In the records below, find the line with "Esto ocurre en", then copy each line exactly until you have copied the line with "Praktické je i". Leave any picture out.
[Start of Attachment]
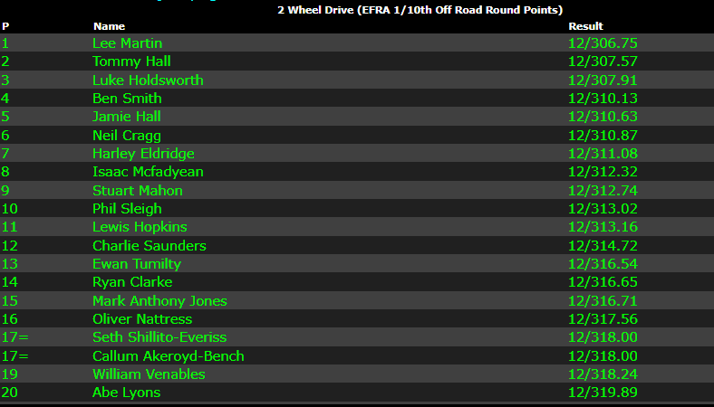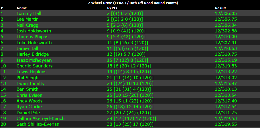 Lee Martin, with a roll on his opening lap, has set the fastest time on 2wd Qualifying Round 3. Multiple mistakes from Josh Holdsworth, Neil Cragg, Thomson Phipps, and Tommy Hall made it a difficult battle. Hall and Martin are now matched on points, but Hall’s time is faster….
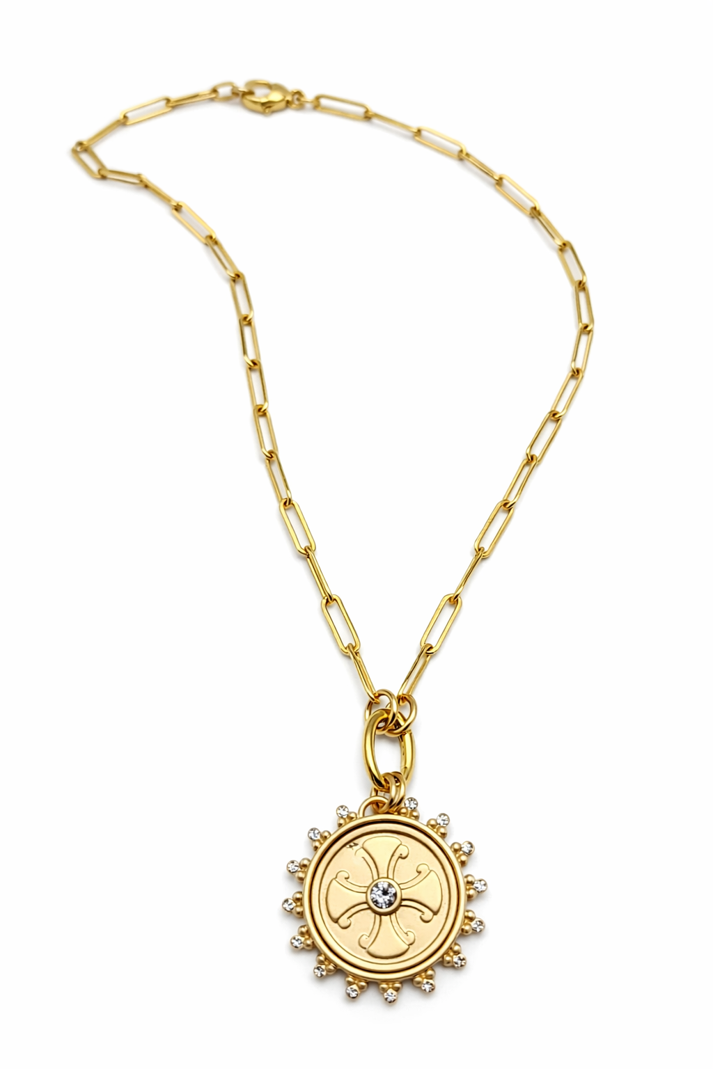 Short gold filled chain with gold filled carabiner that allows interchangeable charms. The charm on this necklace is a gold CZ cross pendant.
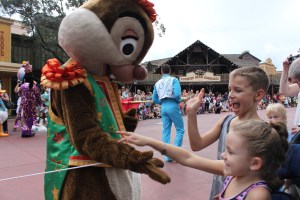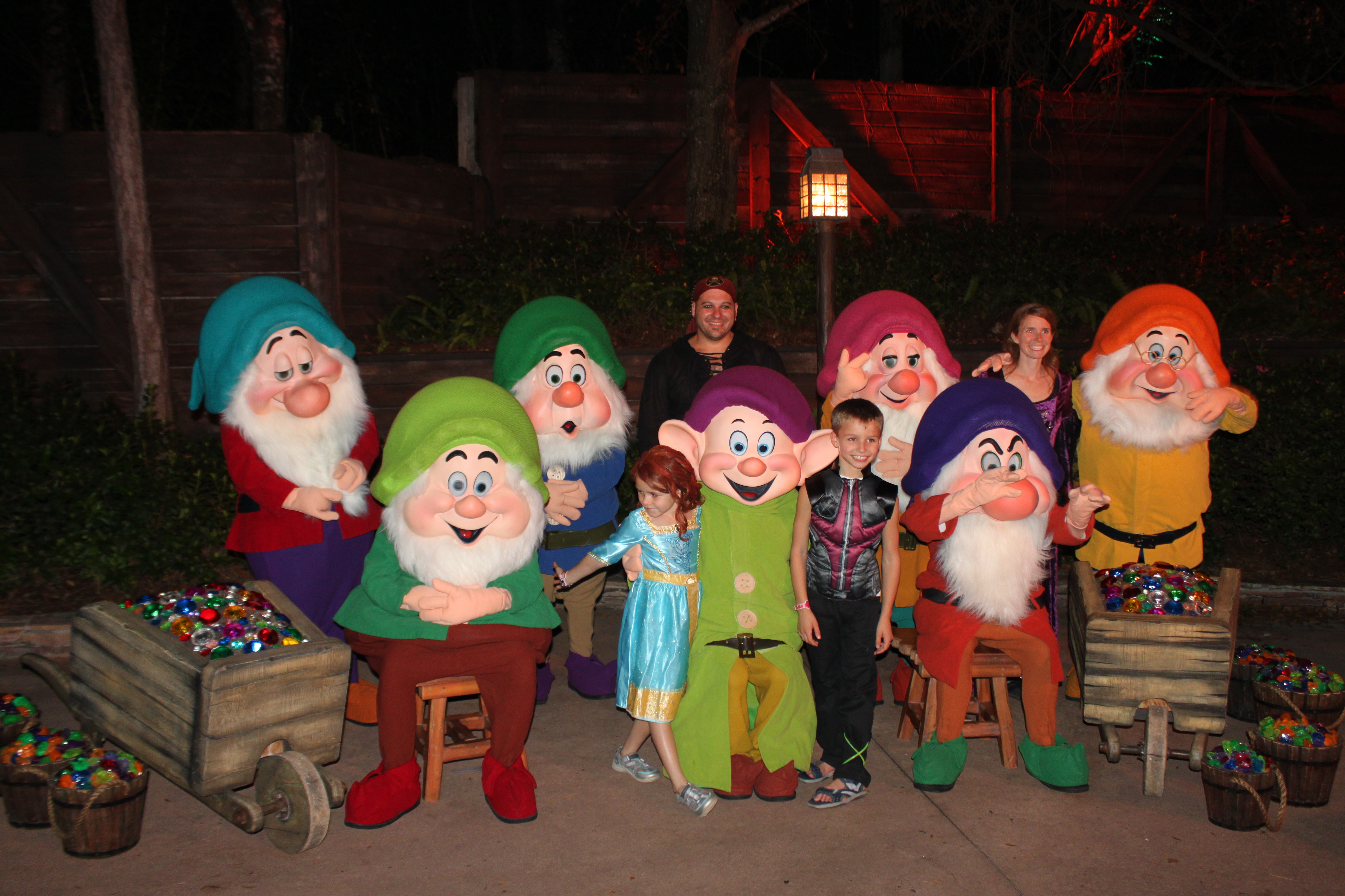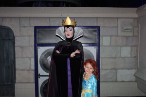 All in all, she had slept from about 8 p.m. the night before until 8 a.m., was up for 30 minutes to get showered and eat, and then fell back asleep and then proceeded to sleep for all but 4 or so hours up until 7 p.m. Thursday night. Thankfully, she was starting to perk up and we were able to finally make her wish come true – she was able to not only SEE Disney at Halloween, but she was able to MEET some of her FAVORITE Disney Characters (and yes, they aren’t all the good guys!)
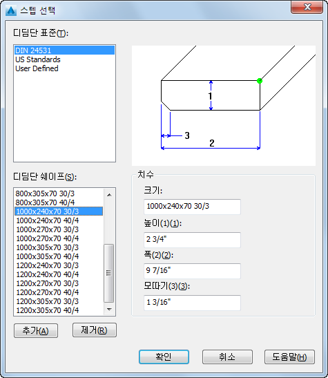 계단의 디딤단 표준, 디딤단 쉐이프 및 치수를 지정합니다.
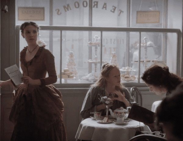 Esto ocurre en el minuto 42:15 cuando Enola visita un café en búsqueda de su madre perdida. En una de las mesas se puede ver a dos jóvenes, una de pelo rojo y otra de pelo negro. Inmediatamente los seguidores de Anne with an E las identificaron como Anne y Diana, y aunque claramente no son las actrices Amybeth McNulty y Dalila Bela.
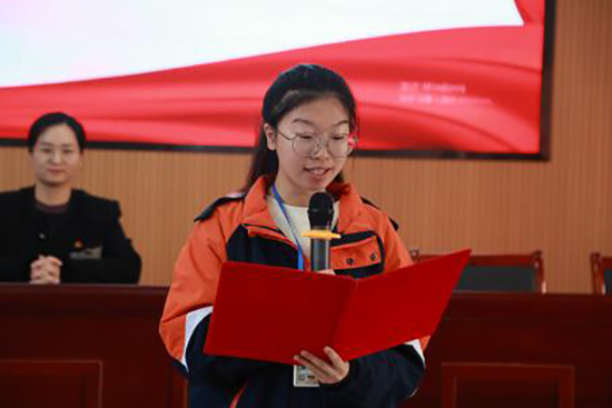 新團員代表2204班趙舒睿同學發言,她表示,中國共產主義青年團是培養和造就“四有”青年的革命熔爐,對青年有約束力,能磨礪青年使其擁有團結合作、吃苦耐勞的精神。大家在成為光榮的共青團員后,也要繼續投入到志愿服務中去。繼承發揚優良傳統,以先進青年的高標準嚴格要求自己,不斷地提高自我,完善自我,超越自我。(金曉雯)
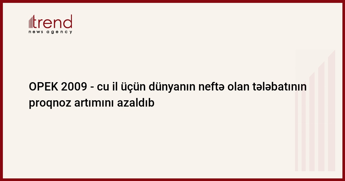 Azərbaycan, Bakı, 16 oktyabr/ Trend , müxbir A.Bədəlova/ OPEK 2009 - cu il üçün dünyanın neftə olan tələbatının proqnoz artımını sutkada 0,1 mln. barel və 2008 - ci il üçün sutkada 0,33 mln. barel azaldıb. Kartelin neft bazarı üzrə dərc etdiyi məruzədəki yeni proqnozlara əsasən, növbəti ildə dünyanın xammal tələbatı sutkada 0,8 mln. bareldən 87,2 mln.barelədək artacaq. Bu il neft tələbatı 0,55 mln.artımla, sutkada 86,5 mln.barel təşkil edəcək.
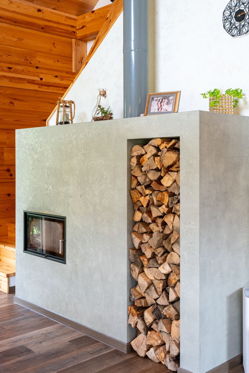 Praktické je i integrované místo na dřevo. Je estetické, funkční a neoddělitelně spojené s celkovým stylem domu
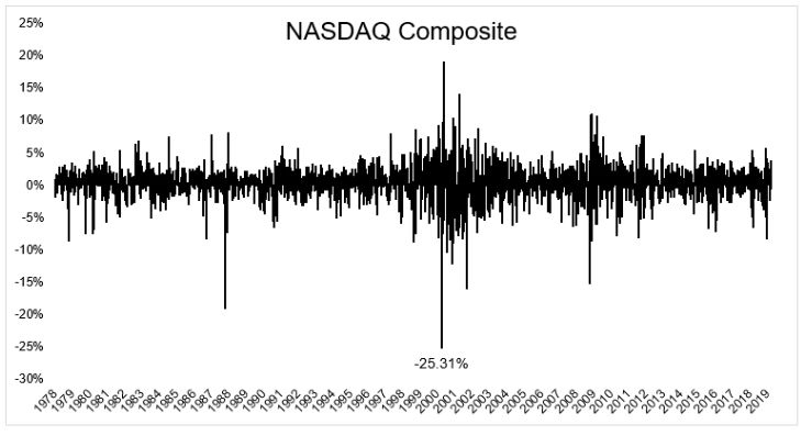 NASDAQ(那斯達克)指數通常被視為科技股的代表,我們來聊聊他的一段歷史。NASDAQ曾經有一段黑歷史,也就是史上最慘烈的一周;而在這一周來臨前的前五年,NASDAQ總共上漲多少百分比你知道嗎? 445%,年化報酬率40%啊!!!!!五年就賺了四倍半的資產,超瘋狂的!
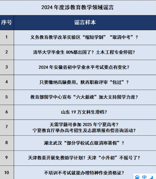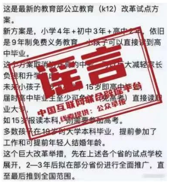涉教育教學領(lǐng)域謠言利用廣大學生和家長對中招高招、學制改革、留學教育、求職招聘等信息的關(guān)切心理,在“招生”“考試”“寒暑假”等時間節(jié)點,散布不實信息,引發(fā)學生和家長不必要的教育焦慮,擾亂正常的招考秩序。
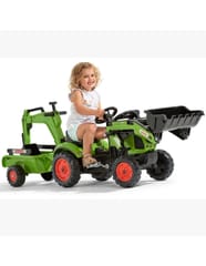 Traktorek Farmer z przyczepką CLAAS producenta Falk to spełnienie marzeń niejednego małego traktorzysty. Starannie wykonany, z dbałością o najmniejszy szczegół!! Żaden Farmer by takim nie pogardził. Pojazd na pedały stanowi idealny prezent dla każdego malucha. Najnowszy traktor CLAAS dla dzieci z łyżką, ładowarką i przyczepą wykonany jest z wysokiej jakości tworzywa sztucznego. Pojazd przeznaczony jest dla dzieci w wieku od 2 lat. Każdy młody traktorzysta pokocha ten model, pojazd wykonany jest w oryginalnej kolorystyce.
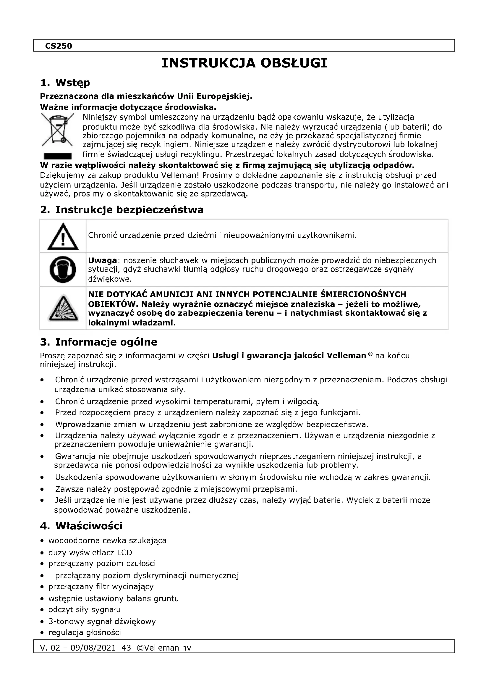 Przeznaczona dla mieszkańców Unii Europejskiej. Ważne informacje dotyczące środowiska. Niniejszy symbol umieszczony na urządzeniu bądź opakowaniu wskazuje, że utylizacja produktu może być szkodliwa dla środowiska. Nie należy wyrzucać urządzenia (lub baterii) do zbiorczego pojemnika na odpady komunalne, należy je przekazać specjalistycznej firmie zajmującej się recyklingiem. Niniejsze urządzenie należy zwrócić dystrybutorowi lub lokalnej firmie świadczącej usługi recyklingu. Przestrzegać lokalnych zasad dotyczących środowiska. W razie wątpliwości należy skontaktować się z firmą zajmującą się utylizacją odpadów. Dziękujemy za zakup produktu Velleman! Prosimy o dokładne zapoznanie się z instrukcją obsługi przed użyciem urządzenia. Jeśli urządzenie zostało uszkodzone podczas transportu, nie należy go instalować ani używać, prosimy o skontaktowanie się ze sprzedawcą.
[End of Attachment]
# Exercise solution:
 Esto ocurre en el minuto 42:15 cuando Enola visita un café en búsqueda de su madre perdida. En una de las mesas se puede ver a dos jóvenes, una de pelo rojo y otra de pelo negro. Inmediatamente los seguidores de Anne with an E las identificaron como Anne y Diana, y aunque claramente no son las actrices Amybeth McNulty y Dalila Bela.
 新團員代表2204班趙舒睿同學發言,她表示,中國共產主義青年團是培養和造就“四有”青年的革命熔爐,對青年有約束力,能磨礪青年使其擁有團結合作、吃苦耐勞的精神。大家在成為光榮的共青團員后,也要繼續投入到志愿服務中去。繼承發揚優良傳統,以先進青年的高標準嚴格要求自己,不斷地提高自我,完善自我,超越自我。(金曉雯)
 Azərbaycan, Bakı, 16 oktyabr/ Trend , müxbir A.Bədəlova/ OPEK 2009 - cu il üçün dünyanın neftə olan tələbatının proqnoz artımını sutkada 0,1 mln. barel və 2008 - ci il üçün sutkada 0,33 mln. barel azaldıb. Kartelin neft bazarı üzrə dərc etdiyi məruzədəki yeni proqnozlara əsasən, növbəti ildə dünyanın xammal tələbatı sutkada 0,8 mln. bareldən 87,2 mln.barelədək artacaq. Bu il neft tələbatı 0,55 mln.artımla, sutkada 86,5 mln.barel təşkil edəcək.
 Praktické je i integrované místo na dřevo. Je estetické, funkční a neoddělitelně spojené s celkovým stylem domu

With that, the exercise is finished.